Published online Apr 11, 2024.
Copyright © 2024 The Korean Society of Radiology
Editorial

Uncover This Tech Term: Generative Adversarial Networks

H Shafeeq Ahmed
    • Bangalore Medical College and Research Institute, Bangalore, India.
Received December 29, 2023; Revised February 04, 2024; Accepted February 11, 2024.

This is an Open Access article distributed under the terms of the Creative Commons Attribution Non-Commercial License (https://creativecommons.org/licenses/by-nc/4.0) which permits unrestricted non-commercial use, distribution, and reproduction in any medium, provided the original work is properly cited.

Keywords
Generative adversarial networks; Medical imaging; Radiology; Artificial intelligence; Generative model

Let’s imagine two artists engaged in a creative duel - one tirelessly crafting masterpieces, the other scrutinizing every brushstroke for the slightest hint of forgery. This encapsulates the essence of Generative Adversarial Networks (GANs), a powerful class of artificial intelligence (AI) algorithms revolutionizing the field of medical imaging.

What are GANs?

GANs are a class of machine learning algorithms introduced by Goodfellow et al. in 2014 [1]. At the core, GANs are designed to pit two neural networks opposite to the other in a high stakes game of one-upmanship, to engage in an adversarial and dynamic process. First is a generator which strives to create evermore convincing “fakes” or “forgeries.” Second is the discriminator which acts as a discerning critic, tasked with distinguishing the authentic from the artificial. This adversarial approach propels both networks to constantly improve: the generator by mimicking reality with ever-increasing precision, and the discriminator by detecting even the subtlest imperfections [2, 3, 4]. Figure 1 provides a flowchart to explain the iterative process of training GANs. Figure 2 discusses the workflow process in GANs. This schematic diagram illustrates the iterative process in which the generator and discriminator networks engage to generate increasingly realistic data samples.

Fig. 1
Generative Adversarial Network flowchart.

Fig. 2
GAN training workflow. GAN = Generative Adversarial Network, G = generator, D = discriminator

Examples of Uses of GANs in Radiology

GANs have several applications in radiology. One major challenge in medical imaging is the scarcity of large datasets for training AI algorithms. GANs can be advantageous in overcoming this challenge by generating synthetic medical images, mimicking real patient data with diverse representations of pathologies. This data augmentation significantly expands the training pool, leading to more robust and accurate AI models for disease detection. GANs not only create new data but can also enhance existing images by reducing noise and artifacts, improving visual clarity and diagnostic accuracy. Additionally, GANs can standardize images across different CT protocols and vendors, ensuring uniformity in data representation and improving the reliability of medical imaging data. This is particularly crucial for quantifying regional disease patterns in conditions like interstitial lung disease [5, 6].

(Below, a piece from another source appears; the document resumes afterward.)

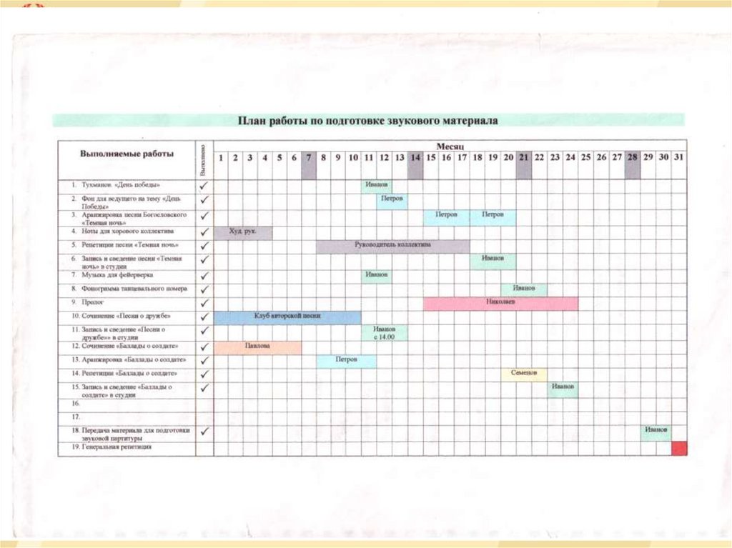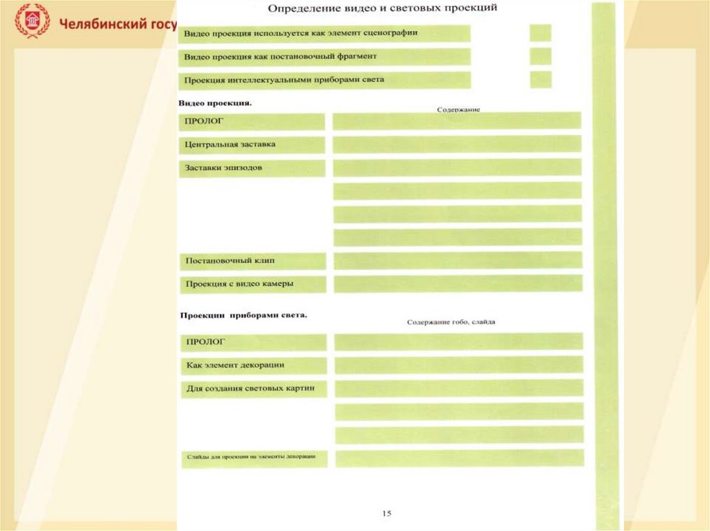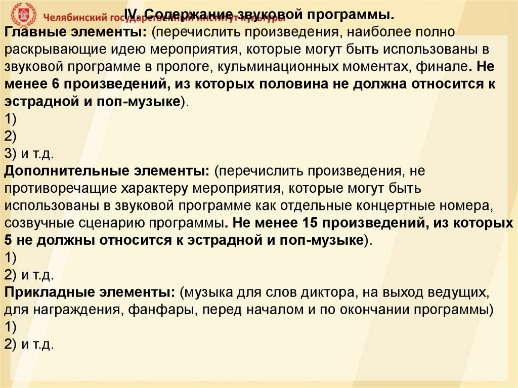 IV. Cодержание звуковой программы.Главные элементы: (перечислить произведения, наиболее полно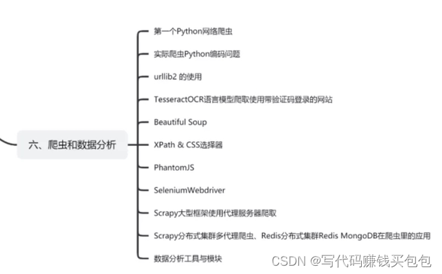 这一阶段主要掌握掌握各类HTTP调试器用法,可加q群1005611884理解网络爬虫编写的基本套路,了解网络爬虫编写的各种陷阱,能够应对动态网站爬取,能够应对带有验证码的网站,能够应对需要浏览器渲染的网站,能够应对分布式抓取需要,能够应对反爬虫技术,能够应对无界面抓取,能够利用爬虫平台。

The versatility of GANs extends beyond single modality enhancement. GANs can also seamlessly transform images from one modality to another. For instance, converting chest radiographs to CT-style images facilitates the detection of pulmonary nodules, demonstrating the transformative impact of GANs on cross-modal medical image analysis. Beyond clinical applications, GANs can also be used for medical education [7, 8]. By generating realistic anatomical structures and pathology scenarios, GANs create AI-driven educational cases and patient models. These virtual simulations serve as valuable tools for training healthcare professionals, allowing them to interact with diverse clinical cases and hone their diagnostic skills.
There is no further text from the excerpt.